Alan Kalter, best known as David Letterman’s CBS Late Show announcer for 20 years, died Oct. 4. He was 78.
Kalter was born in New York, or as he used to call it at the top of each show, “the greatest city in the world.”. He took over from retiring announcer Bill Wendell as the voice of Late Show in 1995.
Prior to Letterman, Kalter was an announcer on several New York-based game shows, including To Tell the Truth, The $25,000 Pyramid and The $128,000 Question.
Letterman quickly pulled him into his house player mix, calling him “Big Red” and throwing him into many odd situations.
In 2012, on an October night when a massive storm shut down other New York-based network efforts, the Letterman show soldiered on without a studio audience.
“This storm could mean the biggest power outage since the Yankees,” Letterman cracked to hardly anyone in the Ed Sullivan Theater.
Half way through the opening monologue, Kalter ran in soaking wet and mad as hell, all part of the character shtick he was asked to deliver, sometimes in a white Elvis jumpsuit.
Kalter always remained fully committed, no matter how outrageous the bit. former Late Show writer Carter Bays, who went on to co-create How I Met Your Mother, said Kalter was “always game to let us make him look insane.”
Among other bits, Kalter always had a line for what was being thrown into the tank on “Will it Float?”

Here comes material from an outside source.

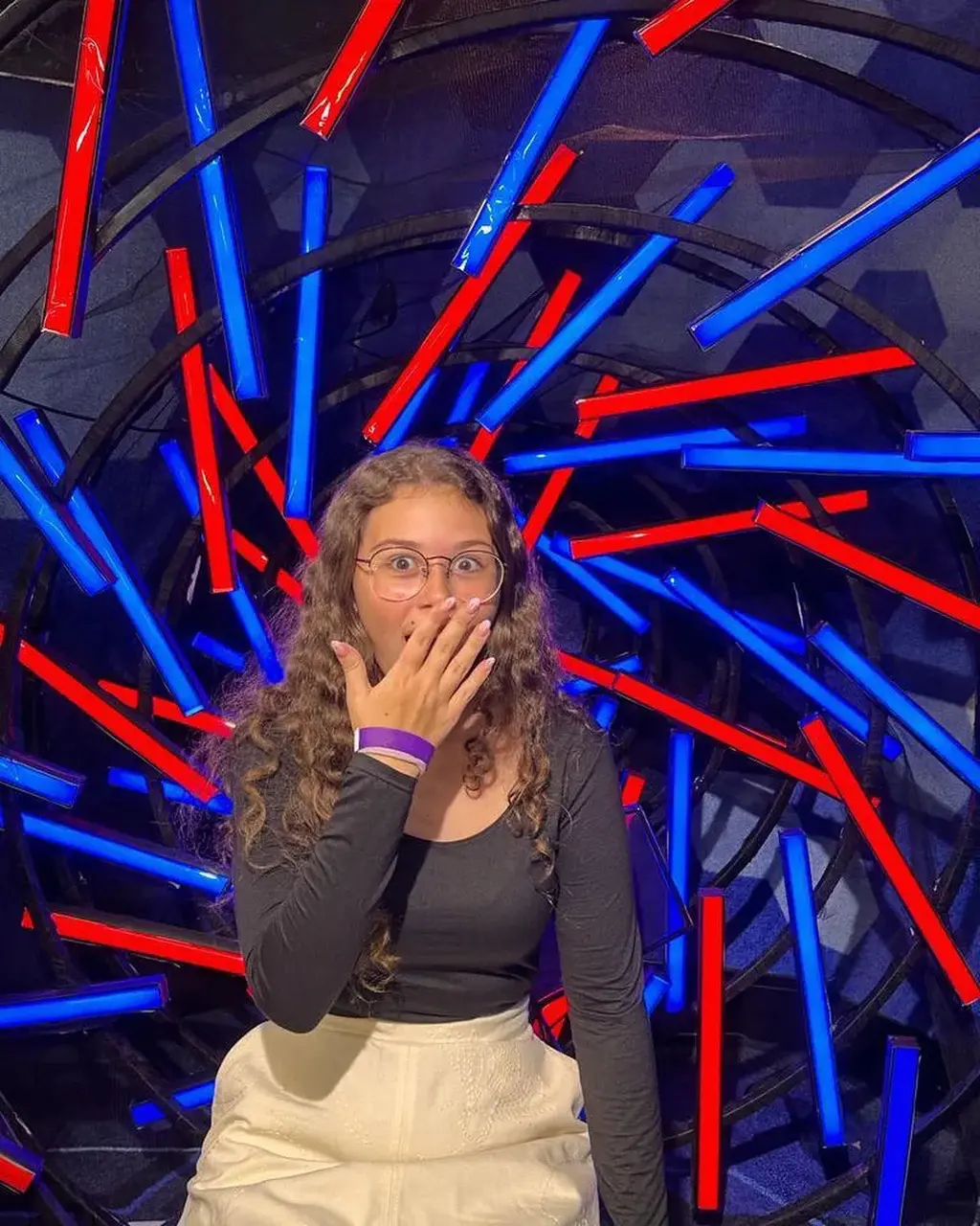 A jovem conheceu o confessionário, atendeu o Big Fone e postou fotos do passeio no Instagram, onde é seguida por 67 mil pessoas.

“Dave, it’s a five-pound box of Miracle Grow all purpose plant food.”
He would also host those “Allan Kalter Celebrity Interview” segments, hectoring Letterman while Richard Simmons or whoever waited patiently next to him in the wings. Kalter would then insult Simmons, rip out his ear piece and storm off, hurling abuse. Jerry Seinfeld and the rest of the Seinfeld cast were all Kalter “guests.”
He would never break character.
Sure, he was Letterman’s stooge, but you had to know every other announcer on television was jealous as hell.